_Problem requirements_. When you reach the line containing "ax_ = metric.plot()" in the entries below, start writing out each line exactly, and stop after the line containing "Table 1: Confirmed".

_Task inputs_.
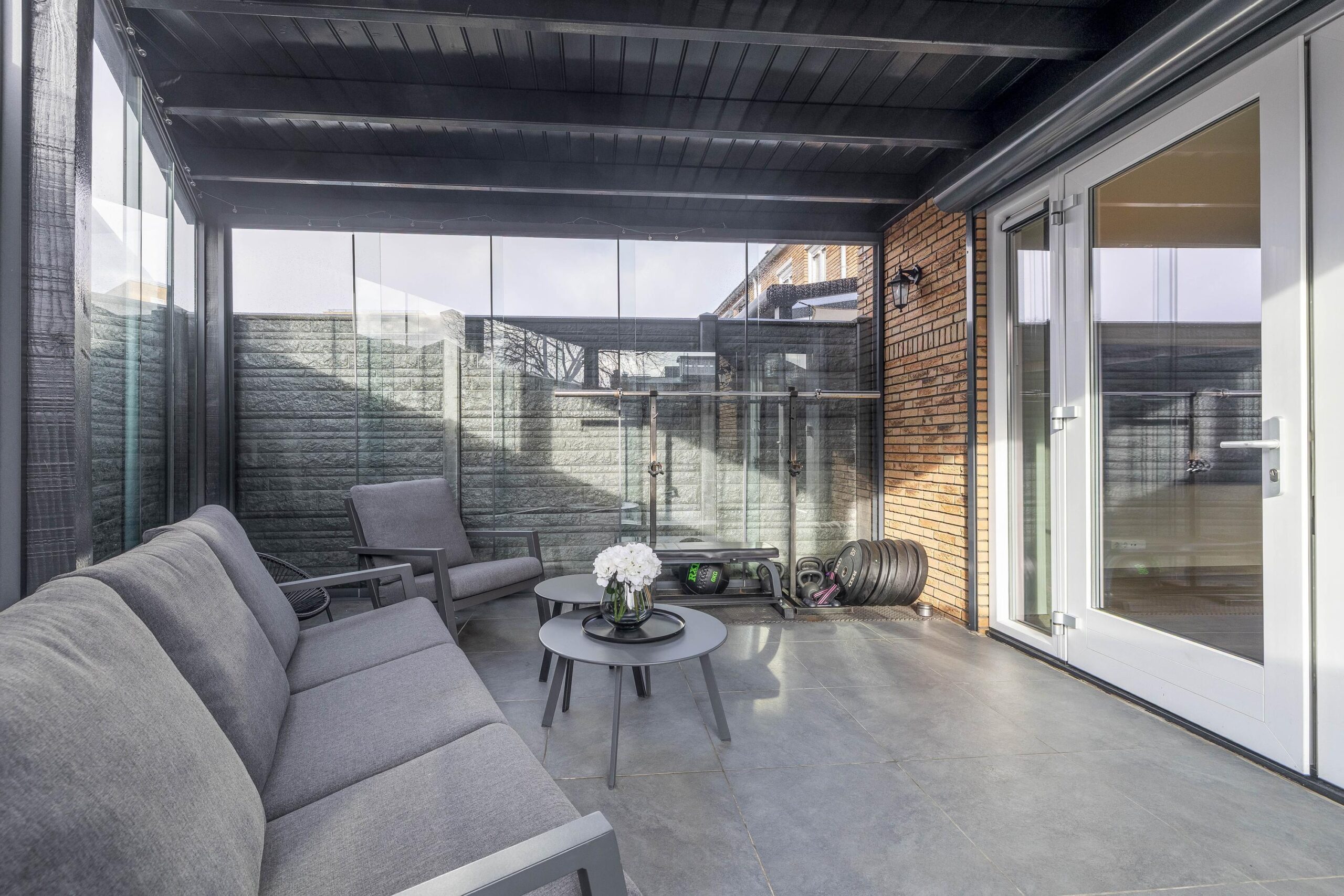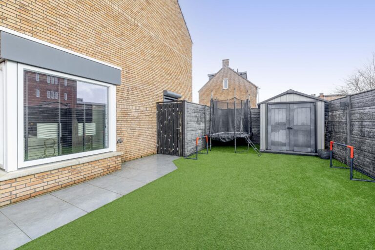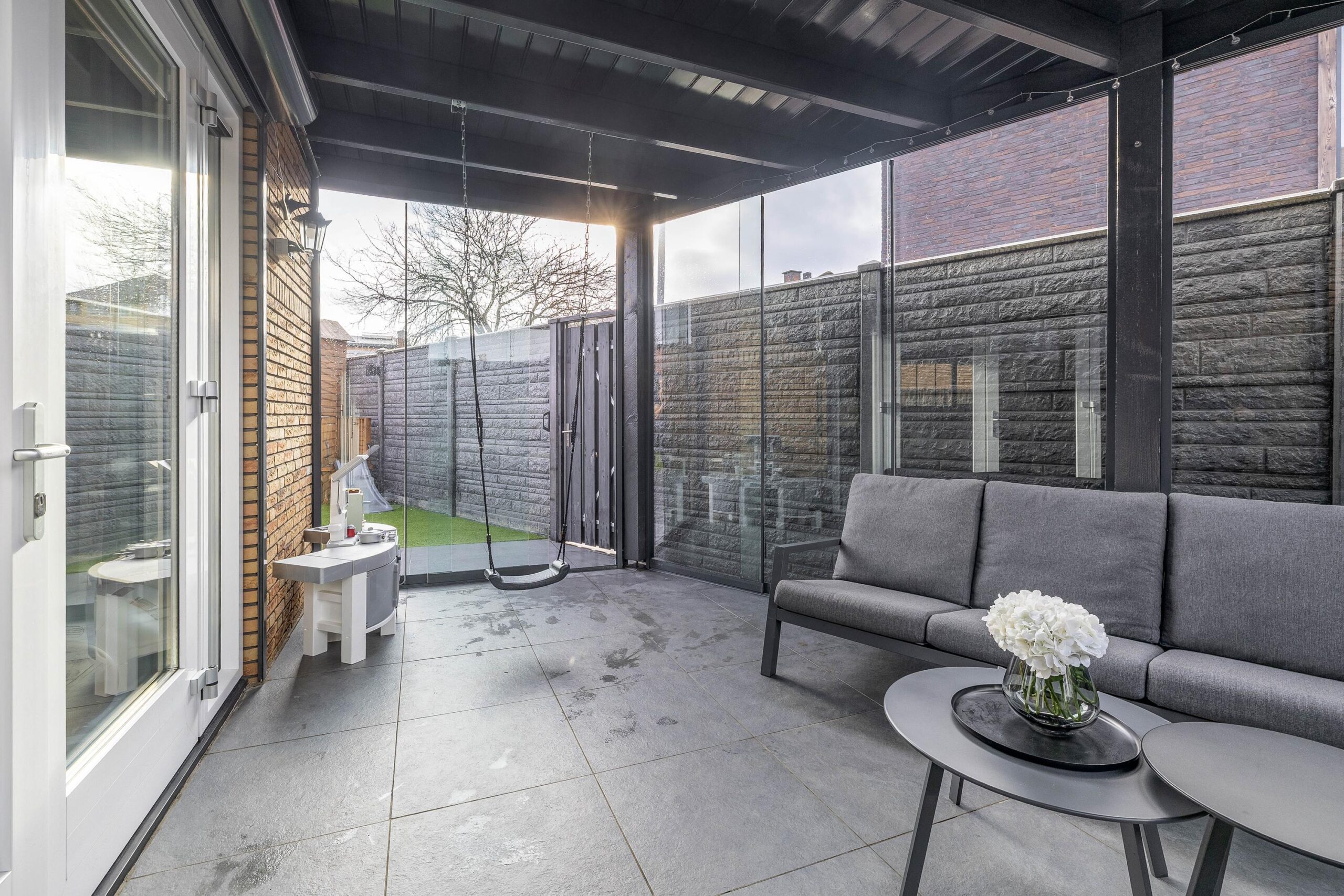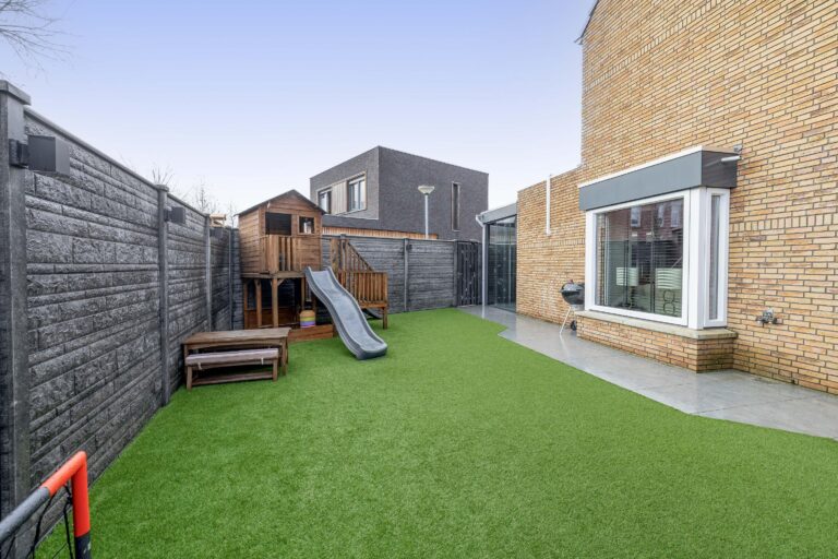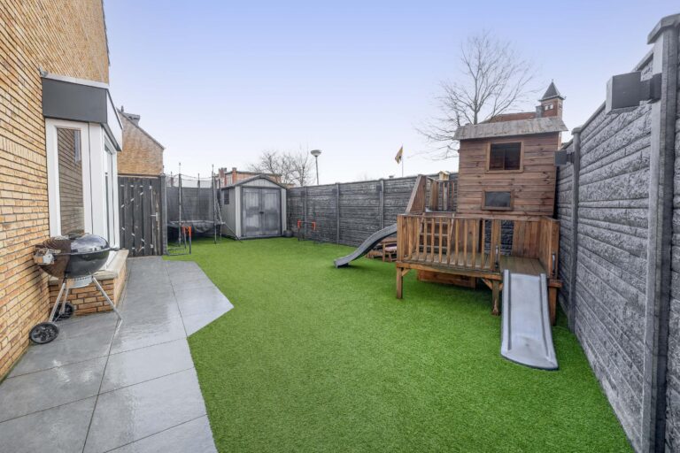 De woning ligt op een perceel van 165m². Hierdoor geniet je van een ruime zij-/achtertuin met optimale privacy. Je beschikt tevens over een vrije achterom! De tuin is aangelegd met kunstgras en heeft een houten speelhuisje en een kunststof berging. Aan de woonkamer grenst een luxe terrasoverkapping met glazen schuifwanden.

* * *

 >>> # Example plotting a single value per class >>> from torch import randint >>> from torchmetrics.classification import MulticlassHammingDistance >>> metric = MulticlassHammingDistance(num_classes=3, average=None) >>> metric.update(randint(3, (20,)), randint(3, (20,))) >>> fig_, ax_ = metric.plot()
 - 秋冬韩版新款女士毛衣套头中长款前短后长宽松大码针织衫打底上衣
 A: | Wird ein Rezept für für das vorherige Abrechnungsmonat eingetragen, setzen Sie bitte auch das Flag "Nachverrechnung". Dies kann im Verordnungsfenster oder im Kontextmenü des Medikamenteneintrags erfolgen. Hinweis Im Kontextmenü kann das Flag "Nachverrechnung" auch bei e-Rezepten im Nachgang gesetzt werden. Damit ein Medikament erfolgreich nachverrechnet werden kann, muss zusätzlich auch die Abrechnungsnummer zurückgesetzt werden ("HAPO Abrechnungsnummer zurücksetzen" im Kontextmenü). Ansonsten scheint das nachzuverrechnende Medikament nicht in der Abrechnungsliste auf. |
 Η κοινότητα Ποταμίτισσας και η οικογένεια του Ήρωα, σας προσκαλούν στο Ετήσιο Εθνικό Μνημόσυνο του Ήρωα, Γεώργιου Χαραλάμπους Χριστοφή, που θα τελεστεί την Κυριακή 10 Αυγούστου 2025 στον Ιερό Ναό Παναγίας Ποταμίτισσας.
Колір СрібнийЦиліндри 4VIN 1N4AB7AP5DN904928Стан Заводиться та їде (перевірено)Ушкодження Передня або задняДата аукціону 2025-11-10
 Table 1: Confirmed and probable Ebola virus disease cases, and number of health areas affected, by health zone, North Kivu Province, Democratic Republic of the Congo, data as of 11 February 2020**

_Written answer_.
 >>> # Example plotting a single value per class >>> from torch import randint >>> from torchmetrics.classification import MulticlassHammingDistance >>> metric = MulticlassHammingDistance(num_classes=3, average=None) >>> metric.update(randint(3, (20,)), randint(3, (20,))) >>> fig_, ax_ = metric.plot()
 - 秋冬韩版新款女士毛衣套头中长款前短后长宽松大码针织衫打底上衣
 A: | Wird ein Rezept für für das vorherige Abrechnungsmonat eingetragen, setzen Sie bitte auch das Flag "Nachverrechnung". Dies kann im Verordnungsfenster oder im Kontextmenü des Medikamenteneintrags erfolgen. Hinweis Im Kontextmenü kann das Flag "Nachverrechnung" auch bei e-Rezepten im Nachgang gesetzt werden. Damit ein Medikament erfolgreich nachverrechnet werden kann, muss zusätzlich auch die Abrechnungsnummer zurückgesetzt werden ("HAPO Abrechnungsnummer zurücksetzen" im Kontextmenü). Ansonsten scheint das nachzuverrechnende Medikament nicht in der Abrechnungsliste auf. |
 Η κοινότητα Ποταμίτισσας και η οικογένεια του Ήρωα, σας προσκαλούν στο Ετήσιο Εθνικό Μνημόσυνο του Ήρωα, Γεώργιου Χαραλάμπους Χριστοφή, που θα τελεστεί την Κυριακή 10 Αυγούστου 2025 στον Ιερό Ναό Παναγίας Ποταμίτισσας.
Колір СрібнийЦиліндри 4VIN 1N4AB7AP5DN904928Стан Заводиться та їде (перевірено)Ушкодження Передня або задняДата аукціону 2025-11-10
 Table 1: Confirmed and probable Ebola virus disease cases, and number of health areas affected, by health zone, North Kivu Province, Democratic Republic of the Congo, data as of 11 February 2020**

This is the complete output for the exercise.